Source data
Start of Block

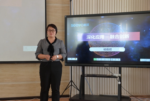 大理市互動教學創新工作室主持人、希沃杏壇導師楊雅君針對信息技術與教育教學的融合進行了《深化應用•融合創新》的專題講座。
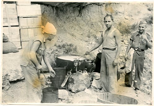 Meal Preparations at Cave Hospital, 1938. (33/8/34(A)A). People cooking/dishing up food, cave hospital, Ebro.
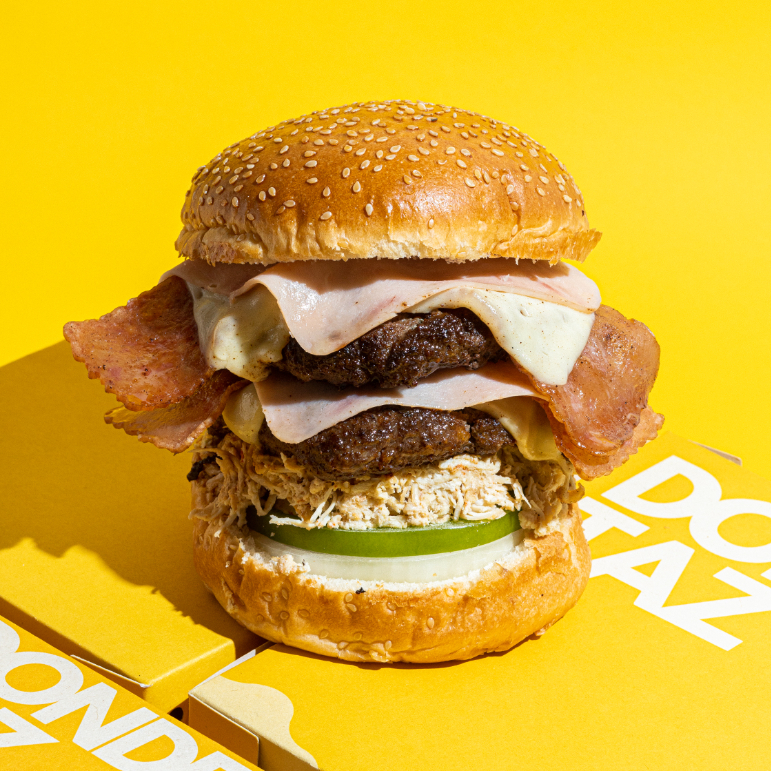 Combinación doble carne 120gr, jamón, queso, tocineta, pollo desmechado, vegetales y papa francesa.

End of Block

From the line that holds "Meal Preparations at" down to the last line of the material above, every line is to be copied exactly, both ends included; pictures are to be omitted.

 Meal Preparations at Cave Hospital, 1938. (33/8/34(A)A). People cooking/dishing up food, cave hospital, Ebro.
 Combinación doble carne 120gr, jamón, queso, tocineta, pollo desmechado, vegetales y papa francesa.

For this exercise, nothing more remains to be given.